#### [Action item]
Give back each record precisely, pictures excluded.

-- Dataset extract follows --

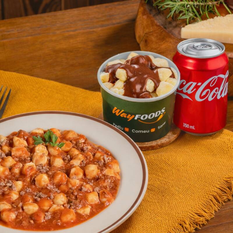 1 Nhoque Médio + Refrigerante Lata + Sobremesa
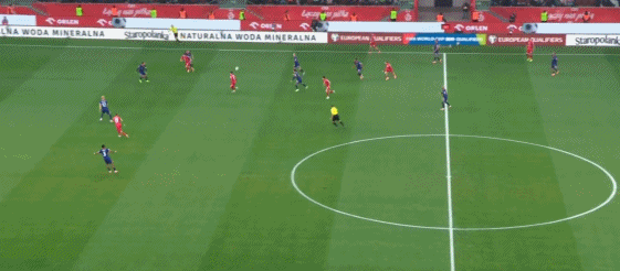第43分钟,莱万妙传,卡明斯基冷静推射破门,波兰1-0!
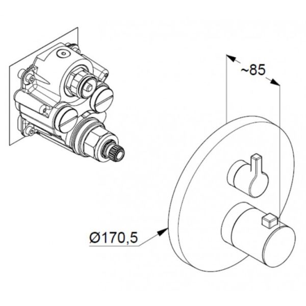 Встраиваемый смеситель для душа Kludi Nova Fonte Puristic с термостатом чёрный матовый 208353915
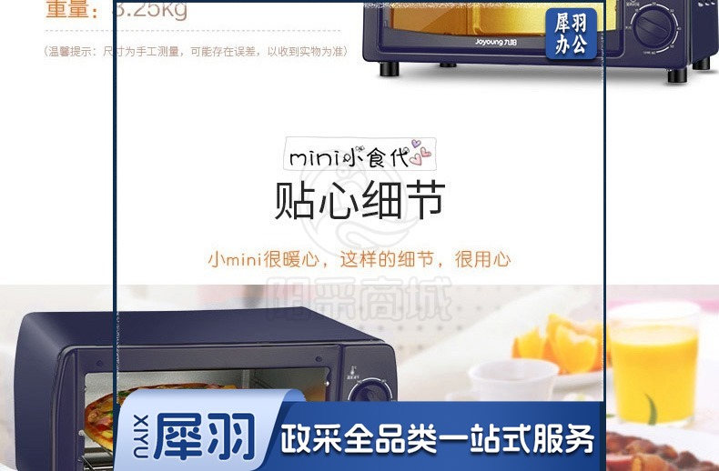 九阳(Joyoung) 电烤箱 家用多功能迷你烘焙小烤箱 KX10-V601【10L 深蓝色】
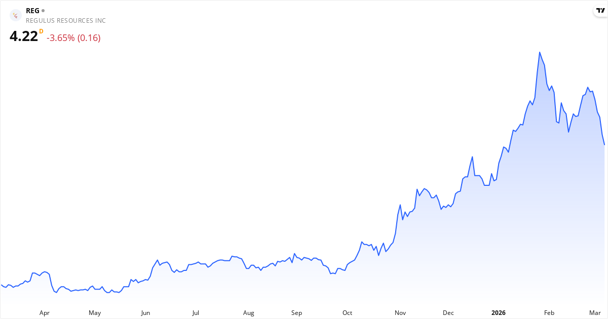 Golden Cross: 50-dagars genomsnittet (4.63) ligger över 200-dagars (3.16), vilket är en klassisk bullish signal for Regulus Resources Inc.

-- Dataset extract concluded --

#### [Result of the task]
 1 Nhoque Médio + Refrigerante Lata + Sobremesa
第43分钟,莱万妙传,卡明斯基冷静推射破门,波兰1-0!
 Встраиваемый смеситель для душа Kludi Nova Fonte Puristic с термостатом чёрный матовый 208353915
 九阳(Joyoung) 电烤箱 家用多功能迷你烘焙小烤箱 KX10-V601【10L 深蓝色】
 Golden Cross: 50-dagars genomsnittet (4.63) ligger över 200-dagars (3.16), vilket är en klassisk bullish signal for Regulus Resources Inc.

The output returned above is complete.